Lord Montague shook his head and screwed up his keen little eyes. His mind was in full play. "I know women, Mrs. Mavick, and I tell you there is something behind this. Somebody has been in the stable." The noble lord usually dropped into slang when he was excited.

"I don't understand your language," said Mrs. Mavick, straightening herself up in her seat.

"I beg pardon. It is just a way of speaking on the turf. When a favorite goes lame the morning of the race, we know some one has been tampering with him. I tell you there is some one else. She has some one else in her mind. That's the reason of it."

"Nonsense." cried Mrs. Mavick, with the energy of conviction. "It's impossible. There is nobody, couldn't be anybody. She has led a secluded life till this hour. She hasn't a fancy, I know."

"I hope you are right," he replied, in the tone of a man wishing to take a cheerful view. "Perhaps I don't understand American girls."

"I think I do," she said, smiling. "They are generally amenable to reason. Evelyn now has something definite before her. I am glad you proposed."

And this was the truth. Mrs. Mavick was elated. So far her scheme was completely successful. As to Evelyn, she trusted to various influences she could bring to bear. Ultimate disobedience of her own wishes she did not admit as a possible thing.

A part of her tactics was the pressure of public opinion, so far as society represents it--that is, what society expects. And therefore it happened in a few days that a strong suspicion got about that Lord Montague had proposed formally to the heiress. The suspicion was strengthened by appearances. Mrs. Mavick did not deny the rumor. That there was an engagement was not affirmed, but that the honor had been or would be declined was hardly supposable.

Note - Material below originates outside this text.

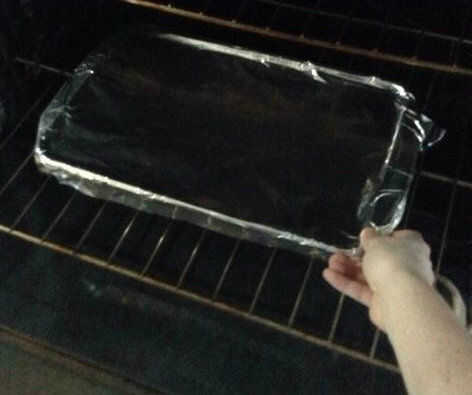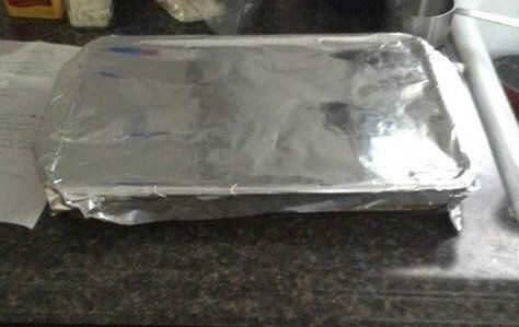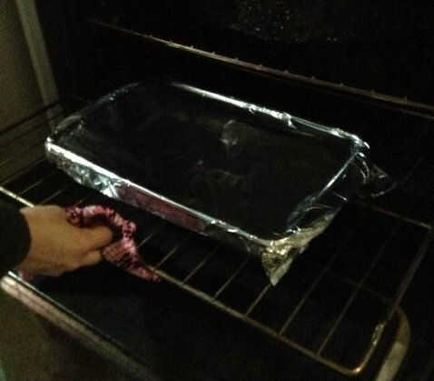 1. una vez que la mezcla de arroz se separa correctamente, cubrir la bandeja de cristal con papel de aluminio.

In the painful interview between mother and daughter concerning this proposal, Evelyn had no reason to give for her opposition, except that she did not love him. This point Mrs. Mavick skillfully evaded and minimized. Of course she would love him in time. The happiest marriages were founded on social fitness and the judgment of parents, and not on the inexperienced fancies of young girls. And in this case things had gone too far to retreat. Lord Montague's attentions had been too open and undisguised. He had been treated almost as a son by the house. Society looked upon the affair as already settled. Had Evelyn reflected on the mortification that would fall upon her mother if she persisted in her unreasonable attitude? And Mrs. Mavick shed actual tears in thinking upon her own humiliation.

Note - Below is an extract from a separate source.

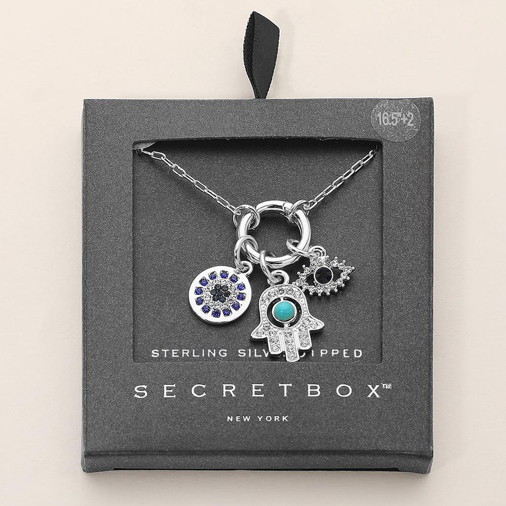 SECRET BOX_Sterling Silver Dipped Hamsa Hand Evil Eye Round Charm Pendant Necklace SECRET BOX_Sterling Silver Dipped Hamsa Hand Evil Eye Round Charm Pendant Necklace SECRET BOX_Sterling Silver Dipped Hamsa Hand Evil Eye Round Charm Pendant Necklace

The ball which followed these private events was also a part of Mrs. Mavick's superb tactics. It would be in a way a verification of the public rumors and a definite form of pressure which public expectation would exercise upon the lonely girl.

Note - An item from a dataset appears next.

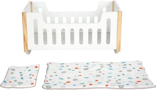 Tato moderní dřevěná kolébka ve skandinávském designu je ideální postýlkou s možností jemného houpání panenek či plyšových zvířátek. Součástí balení je polštář a velká peřinka, které jsou povlečené do barevně neutrálního oboustranného povlečení. Navíc je peřinka dostatečně velká, aby pod ní pohodlně mohly spát panenky nebo plyšáci do velikosti 46 cm. Vysoce kvalitní, stabilní konstrukce, zaoblené hrany, jemné barevné tóny činí z kolébky stylový a kvalitní kousek. Perfektní hračka do každého dětského pokoje. Balení obsahuje: 1x postel, 1x polštář, 1x přikrývka. Hlavní vlastnosti: dřevěná kolébka a postýlka v jednomnadrozměrná dekaoboustranné ložní prádlorobustní konstrukce, kvalitní zpravovánízaoblené hranypro panenky a plyšáky do 46 cmskandinávský design, jemné barevné tóny Little ButtonŘada atraktivního příslušenství pro panenky Little Button nabízí pestrou paletu výrobků, od kočárku přes jídelní židličku až po skříň. Zákazníky snadno zaujmou jednotným funkčním a decentním designem využívajícím přímé linie a střídmé neutrální barvy. Díky tomu spolu mohou vytvořit ucelené harmonické soupravy, které vkusně doplní moderní interiér. Důmyslná konstrukce a kvalitní zpracování pomáhají zajistit vysokou stabilitu, bezpečnost a dlouhou životnost. Založte s jejich pomocí stylový koutek pro panenky, kde mohou Vaše děti rozvíjet svou fantazii a pečovatelské dovednosti.

The splendor of this function is still remembered. There were, however, features in the glowing descriptions of it which need to be mentioned. It was assumed that it was for a purpose, that it was in fact, if not a proclamation, at least an intimation of a new and brilliant Anglo-Saxon alliance. No one asserted that an engagement existed. But the prominent figures in the spectacle were the English lord and the young and beautiful American heiress. There were portraits of both in half-tone. The full names and titles expectant of Lord Montague were given, a history of the dukedom of Tewkesbury and its ancient glory, with the long line of noble names allied to the young lord, who was a social star of the first magnitude, a great traveler, a sportsman of the stalwart race that has the world for its field. ("Poor little Monte," said the managing editor as he passed along these embellishments with his approval.)

On the other hand, the proposed alliance was no fall in dignity or family to the English house. The heiress was the direct descendant of the Eschelles, an old French family, distinguished in camp and court in the glorious days of the Grand Monarch.